In linea di principio, utilizzando circuiti integrati avanzati è possibile progettare facilmente convertitori di potenza medio-bassa con una potenza di circa 1.000 watt e si possono ottenere diversi compromessi prestazionali attraverso diverse architetture. Tuttavia, in realtà, lo sviluppo e la validazione dei convertitori sono tutt’altro che semplici. È necessario soddisfare almeno un insieme di base di requisiti di prestazione funzionale, tra cui tensione e corrente di uscita nominali, efficienza, risposta ai transitori, dimensioni fisiche e protezione dai guasti per circuiti, carichi e alimentatori.

Le sfide progettuali non si limitano alla conoscenza di base. Al momento, è necessario conformarsi a una serie di requisiti normativi obbligatori, che riguardano prestazioni di sicurezza, efficienza a diversi livelli di carico, prestazioni di spegnimento, prestazioni termiche, emissione di interferenze elettromagnetiche (EMI) e immunità. Questi attributi devono essere convalidati da un laboratorio di prova certificato, il che aumenterà significativamente i tempi di progettazione. Un semplice piano di ricerca e sviluppo indipendente può portare rapidamente a rischi estremamente elevati e presto scoprirai che quando si tratta di scegliere tra ricerca e sviluppo indipendente o outsourcing, tenderai rapidamente a quest'ultimo.

Se hai ancora dei dubbi, potresti considerare che il convertitore deve avere anche una funzione di isolamento elettrico. Sebbene questo sia un requisito comune per quasi tutti i convertitori CA/CC, alcuni convertitori CC/CC richiedono anche l'isolamento elettrico. Questo requisito introduce nuove normative, standard obbligatori di sicurezza e certificazione, rendendo le decisioni dei produttori auto-sviluppati e esternalizzati ulteriormente inclini all'acquisto, indipendentemente dalle specifiche di alimentazione.

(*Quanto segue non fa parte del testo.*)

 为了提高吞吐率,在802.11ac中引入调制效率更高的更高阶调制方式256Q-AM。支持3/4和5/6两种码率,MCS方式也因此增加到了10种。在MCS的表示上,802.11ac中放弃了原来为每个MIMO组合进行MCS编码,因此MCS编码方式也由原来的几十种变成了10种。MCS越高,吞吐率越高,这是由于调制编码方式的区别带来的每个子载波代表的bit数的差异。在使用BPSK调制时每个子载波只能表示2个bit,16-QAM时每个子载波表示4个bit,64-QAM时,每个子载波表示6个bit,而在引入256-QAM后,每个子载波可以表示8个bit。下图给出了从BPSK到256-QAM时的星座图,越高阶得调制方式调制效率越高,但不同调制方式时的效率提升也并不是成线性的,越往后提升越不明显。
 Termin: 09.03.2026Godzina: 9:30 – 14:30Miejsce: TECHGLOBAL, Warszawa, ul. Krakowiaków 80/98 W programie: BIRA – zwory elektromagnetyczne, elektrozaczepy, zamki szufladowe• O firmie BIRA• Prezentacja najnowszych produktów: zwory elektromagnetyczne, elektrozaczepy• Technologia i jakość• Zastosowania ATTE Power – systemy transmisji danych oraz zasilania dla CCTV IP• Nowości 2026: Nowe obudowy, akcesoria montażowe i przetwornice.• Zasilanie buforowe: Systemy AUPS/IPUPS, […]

La buona notizia è che i convertitori di potenza isolati e non isolati montati su circuito stampato hanno più tensioni e correnti nominali tra cui scegliere. Questi prodotti semplificano notevolmente la progettazione e l'implementazione in aree applicative quali difesa, comunicazione, test e misurazione (isolati) e robot mobili (non isolati) e possono essere combinati per ottenere funzioni di distribuzione dell'energia.

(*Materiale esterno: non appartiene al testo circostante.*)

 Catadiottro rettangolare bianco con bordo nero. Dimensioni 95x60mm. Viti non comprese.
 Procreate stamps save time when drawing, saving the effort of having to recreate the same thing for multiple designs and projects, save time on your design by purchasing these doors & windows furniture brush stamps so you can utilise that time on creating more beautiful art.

Questo tipo di convertitore è plug and play, può essere collegato al circuito stampato principale (scheda PC) e la posizione specifica è ottimizzata per la guida di distribuzione. Inoltre questo tipo di convertitore non necessita di supporto o staffa indipendente. In poche parole, questo tipo di prodotto può fungere da soluzione plug and play chiusa e completa che raggiunge direttamente la funzionalità di alimentazione.

Conoscenze di base dell'isolamento elettrico
L'isolamento elettrico è una barriera elettrica utilizzata per impedire la formazione di un percorso conduttivo ("ohmico") tra le due estremità di un segnale o di un percorso di alimentazione. Tuttavia, questa barriera deve ancora consentire la trasmissione di energia ed elettricità attraverso altri mezzi di trasmissione. Il segnale, l'alimentazione o entrambi devono essere isolati, ma dipende dal progetto. La tecnologia di isolamento utilizzata dipende dalle specifiche specifiche della corrente isolata.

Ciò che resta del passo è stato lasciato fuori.